We examined whether the differentially methylated CpGs detected in cord blood samples were associated with gestational age at birth in whole blood from older children. We conducted three separate meta-analyses (no complications model) reflecting different age periods in a total of 2481 children: (i) Early childhood (4–5 years; n = 453 from 4 cohorts); (ii) school age (7–9 years; n = 899 from 5 cohorts) and (iii) adolescence (16–18 years; n = 1129 from 5 cohorts), Additional file 1: Table S1. Of the 1276 three or more adjacent genome-wide significant CpGs from our analyses in cord blood, 1258 CpGs were available for analyses in all older age groups. Out of these CpGs, we observed 40 sites in early childhood, 60 sites in school age, and 60 sites in adolescence to be associated with gestational age at the nominal significance level, P < 0.05 with the same direction of effect (Additional file 1: Table S9). However, no CpG survived Bonferroni look-up level correction (0.05/1258; P < 3.97 × 10− 5). One CpG (cg26385222 annotated to TMEM176B) previously associated with gestational age at birth [27] was nominally significant in all age groups with same direction of effect.

Longitudinal analysis

The results of the longitudinal analyses of blood DNA methylation in the INMA Study (n = 177 with paired samples from birth and 4 years) and the ALSPAC Study (n = 281 with samples collected at birth, 7 and 17 years) are provided in Additional file 1: Table S10. The vast majority of gestational age associated CpGs (n = 1054/1276; 83%) underwent changes in methylation levels with age. Both increasing and decreasing patterns of change during early childhood (4 years) were observed, followed by stabilization during school age (7 years). For example, for cg08943494 in PRR5L on chr 11, an initial level of 61.5% and 51.4% in cord blood DNA methylation in INMA and ALSPAC respectively, decreased by 8.2% per year on average during early childhood in INMA and by 3.3% per year on average up to school age in ALSPAC, but then negligible further changes were seen from 7 to 17 years (Fig. 5A). In contrast, increasing levels were seen for cg18183624 (chr 17; IGF2BP1), from an initial 48.8% and 38.7% in cord blood DNA methylation in INMA and ALSPAC, respectively, with a 5.1% per year on average between birth to 4 years in INMA and 1.9% per year on average between birth to 7 years, but after that no changes from 7 to 17 years. (Fig. 5B).

Fig. 5
figure 5

Change in DNA methylation during childhood and adolescence for selected CpG sites associated with gestational age. A Decreasing methylation levels from birth to childhood (A.1) and stabilization during adolescence (A.2). B Increasing methylation levels from birth to childhood and stabilization during adolescence. C Stable CpGs that did not change during childhood or adolescence; (1) INMA from birth to early childhood and (2) ALSPAC from birth to adolescence. The figures show representative single CpGs for each category (A–C)

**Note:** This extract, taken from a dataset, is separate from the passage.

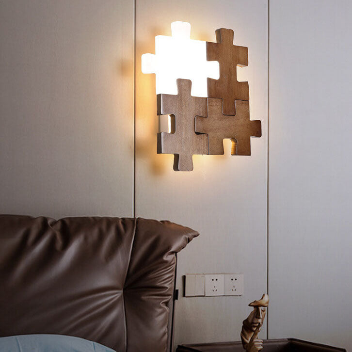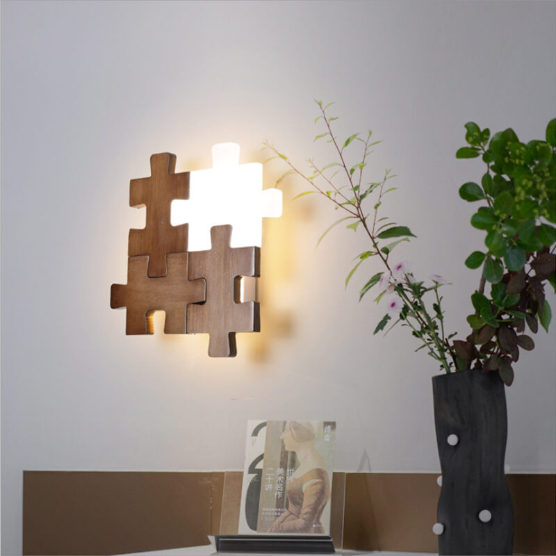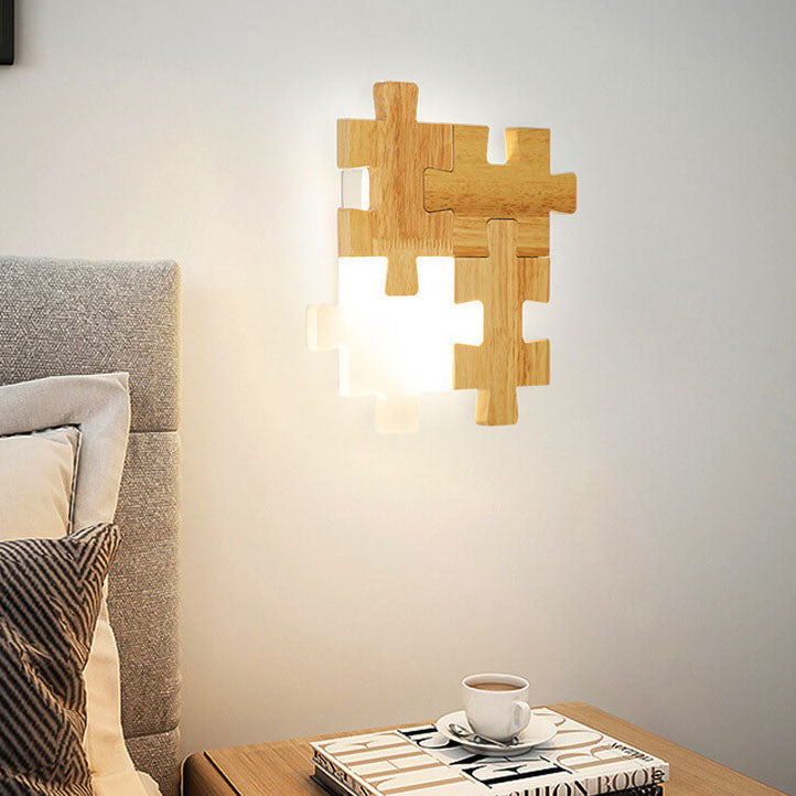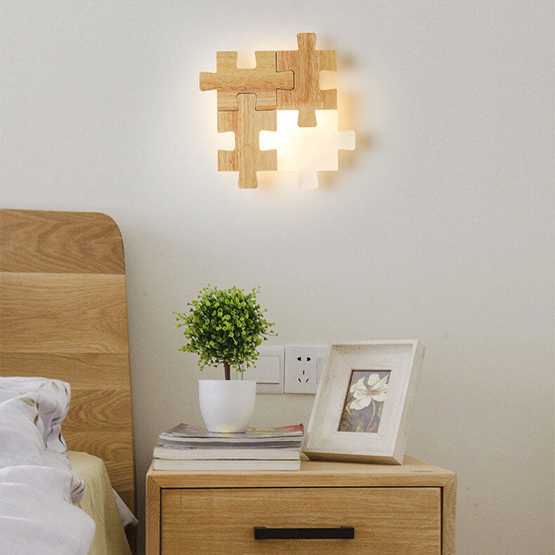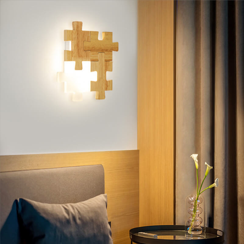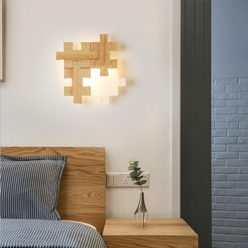 Nordic Wood Puzzles 1-Light LED Wall Sconce Lamp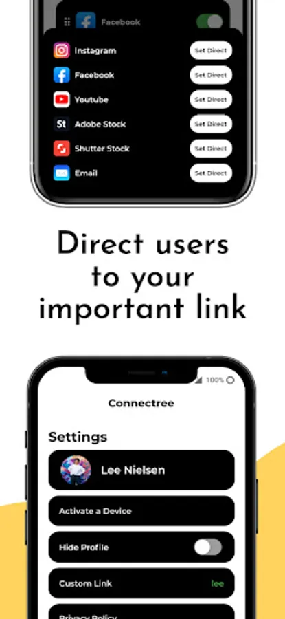 Customize your profile anywhere and anytime by changing the color of your profile as per your needs. Add app link or delete app link anytime. You can also redirect the user to your specific important link by setting it as direct.

Of the 1054 CpGs displaying changes in DNA methylation levels with age, there were 589 CpGs where gestational age was associated with changes in DNA methylation levels (i.e. where an interaction between gestational age and age was found) from birth to 4 years (INMA) and 460 CpGs with changes from birth to 7 years (ALSPAC). However, only 30 of the 1054 CpGs changed significantly in DNA methylation between 7 and 17 years (ALSPAC), suggesting that gestational age-related changes in DNA methylation levels had largely stabilized by age 7.

We identified 222 stable CpGs out of 1276 (17%) that did not change appreciably from birth to adolescence. As an example, the stable DNA methylation at cg27058497 (RUNX3, chromosome 1) is shown in Fig. 5C. A much lower proportion of the gestational age associated CpGs were stable from birth to adolescence compared to all CpGs on the array (17% versus 71%, Penrichment = 2.23× 10− 308).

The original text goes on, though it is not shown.